● **Instructions to follow**: Reproduce, exactly and in full, only the lines below from the one containing "- A悪質な追加請求は多くあ" through the one containing "-. Feature : Date".

● **Data extract**:
::::::::::
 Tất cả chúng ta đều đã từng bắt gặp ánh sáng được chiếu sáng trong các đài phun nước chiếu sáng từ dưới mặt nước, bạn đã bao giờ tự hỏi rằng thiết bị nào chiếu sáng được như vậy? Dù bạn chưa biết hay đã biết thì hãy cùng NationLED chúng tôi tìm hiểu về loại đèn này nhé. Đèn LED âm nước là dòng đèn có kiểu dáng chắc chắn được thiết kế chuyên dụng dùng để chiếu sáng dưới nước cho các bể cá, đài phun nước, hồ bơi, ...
::::::::::
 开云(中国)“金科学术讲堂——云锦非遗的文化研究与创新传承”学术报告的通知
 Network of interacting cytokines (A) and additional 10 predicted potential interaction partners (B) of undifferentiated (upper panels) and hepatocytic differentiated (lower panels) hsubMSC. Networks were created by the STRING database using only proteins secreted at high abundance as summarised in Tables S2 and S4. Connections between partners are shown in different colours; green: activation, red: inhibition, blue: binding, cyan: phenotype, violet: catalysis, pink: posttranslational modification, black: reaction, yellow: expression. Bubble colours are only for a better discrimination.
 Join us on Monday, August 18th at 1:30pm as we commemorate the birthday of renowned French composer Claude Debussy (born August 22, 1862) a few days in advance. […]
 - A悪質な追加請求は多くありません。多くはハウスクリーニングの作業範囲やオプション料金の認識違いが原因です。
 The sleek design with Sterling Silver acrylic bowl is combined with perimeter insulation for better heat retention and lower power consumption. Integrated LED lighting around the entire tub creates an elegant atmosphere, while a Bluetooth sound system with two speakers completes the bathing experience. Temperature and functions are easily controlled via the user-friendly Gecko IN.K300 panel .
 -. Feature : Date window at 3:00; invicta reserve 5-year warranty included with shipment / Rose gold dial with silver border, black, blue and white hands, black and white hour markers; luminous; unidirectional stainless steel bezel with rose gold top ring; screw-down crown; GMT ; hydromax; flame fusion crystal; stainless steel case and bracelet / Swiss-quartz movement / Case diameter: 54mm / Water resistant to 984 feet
::::::::::
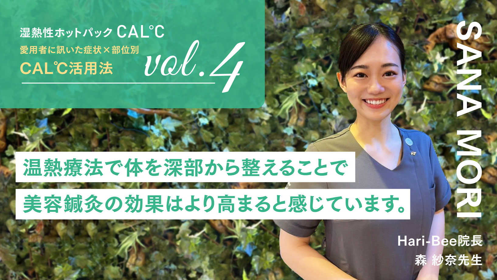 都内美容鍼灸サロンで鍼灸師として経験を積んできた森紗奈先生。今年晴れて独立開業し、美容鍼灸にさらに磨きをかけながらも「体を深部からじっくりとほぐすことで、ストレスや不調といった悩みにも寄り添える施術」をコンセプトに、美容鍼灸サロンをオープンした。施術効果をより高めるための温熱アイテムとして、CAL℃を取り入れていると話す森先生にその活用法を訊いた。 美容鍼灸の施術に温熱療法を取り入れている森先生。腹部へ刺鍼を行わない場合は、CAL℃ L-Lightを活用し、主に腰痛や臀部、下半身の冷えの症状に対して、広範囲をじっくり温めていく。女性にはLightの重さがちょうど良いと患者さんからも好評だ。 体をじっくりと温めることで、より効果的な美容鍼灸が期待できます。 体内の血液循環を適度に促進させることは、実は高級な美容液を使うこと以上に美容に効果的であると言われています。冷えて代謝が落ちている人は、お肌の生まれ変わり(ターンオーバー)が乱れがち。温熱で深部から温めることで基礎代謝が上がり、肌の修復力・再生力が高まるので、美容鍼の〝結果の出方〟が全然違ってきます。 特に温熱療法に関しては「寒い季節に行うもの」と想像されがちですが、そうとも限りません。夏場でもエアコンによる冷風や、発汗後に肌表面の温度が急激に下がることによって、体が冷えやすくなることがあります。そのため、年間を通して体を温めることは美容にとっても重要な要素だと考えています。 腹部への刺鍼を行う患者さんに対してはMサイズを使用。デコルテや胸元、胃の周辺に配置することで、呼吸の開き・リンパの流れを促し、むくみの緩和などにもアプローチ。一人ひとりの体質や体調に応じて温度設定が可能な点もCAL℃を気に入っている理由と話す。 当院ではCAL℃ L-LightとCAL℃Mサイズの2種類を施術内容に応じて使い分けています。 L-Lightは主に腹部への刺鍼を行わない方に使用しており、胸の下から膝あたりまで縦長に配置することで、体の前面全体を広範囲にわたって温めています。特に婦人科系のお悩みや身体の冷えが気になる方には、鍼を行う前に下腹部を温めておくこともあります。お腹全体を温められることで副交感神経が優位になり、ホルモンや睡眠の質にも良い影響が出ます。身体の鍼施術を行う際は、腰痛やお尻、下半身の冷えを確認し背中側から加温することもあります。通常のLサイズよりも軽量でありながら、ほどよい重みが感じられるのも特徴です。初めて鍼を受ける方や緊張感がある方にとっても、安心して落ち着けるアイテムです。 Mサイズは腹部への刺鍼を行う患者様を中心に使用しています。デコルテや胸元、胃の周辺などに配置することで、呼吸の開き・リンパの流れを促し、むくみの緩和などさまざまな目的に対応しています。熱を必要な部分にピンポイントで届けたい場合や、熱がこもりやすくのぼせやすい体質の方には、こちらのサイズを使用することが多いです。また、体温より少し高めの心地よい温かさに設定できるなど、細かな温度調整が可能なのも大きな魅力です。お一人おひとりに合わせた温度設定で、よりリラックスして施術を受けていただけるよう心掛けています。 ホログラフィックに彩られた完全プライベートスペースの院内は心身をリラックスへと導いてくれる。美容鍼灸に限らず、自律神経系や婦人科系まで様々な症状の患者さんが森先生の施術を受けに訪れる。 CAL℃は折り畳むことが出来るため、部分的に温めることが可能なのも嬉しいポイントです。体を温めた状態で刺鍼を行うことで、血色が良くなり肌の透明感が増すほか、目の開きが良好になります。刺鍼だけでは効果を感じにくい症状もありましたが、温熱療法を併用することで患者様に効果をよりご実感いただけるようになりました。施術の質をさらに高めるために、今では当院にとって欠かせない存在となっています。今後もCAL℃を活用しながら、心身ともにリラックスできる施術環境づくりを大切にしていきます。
::::::::::
● **Result of this task**:
 - A悪質な追加請求は多くありません。多くはハウスクリーニングの作業範囲やオプション料金の認識違いが原因です。
 The sleek design with Sterling Silver acrylic bowl is combined with perimeter insulation for better heat retention and lower power consumption. Integrated LED lighting around the entire tub creates an elegant atmosphere, while a Bluetooth sound system with two speakers completes the bathing experience. Temperature and functions are easily controlled via the user-friendly Gecko IN.K300 panel .
 -. Feature : Date window at 3:00; invicta reserve 5-year warranty included with shipment / Rose gold dial with silver border, black, blue and white hands, black and white hour markers; luminous; unidirectional stainless steel bezel with rose gold top ring; screw-down crown; GMT ; hydromax; flame fusion crystal; stainless steel case and bracelet / Swiss-quartz movement / Case diameter: 54mm / Water resistant to 984 feet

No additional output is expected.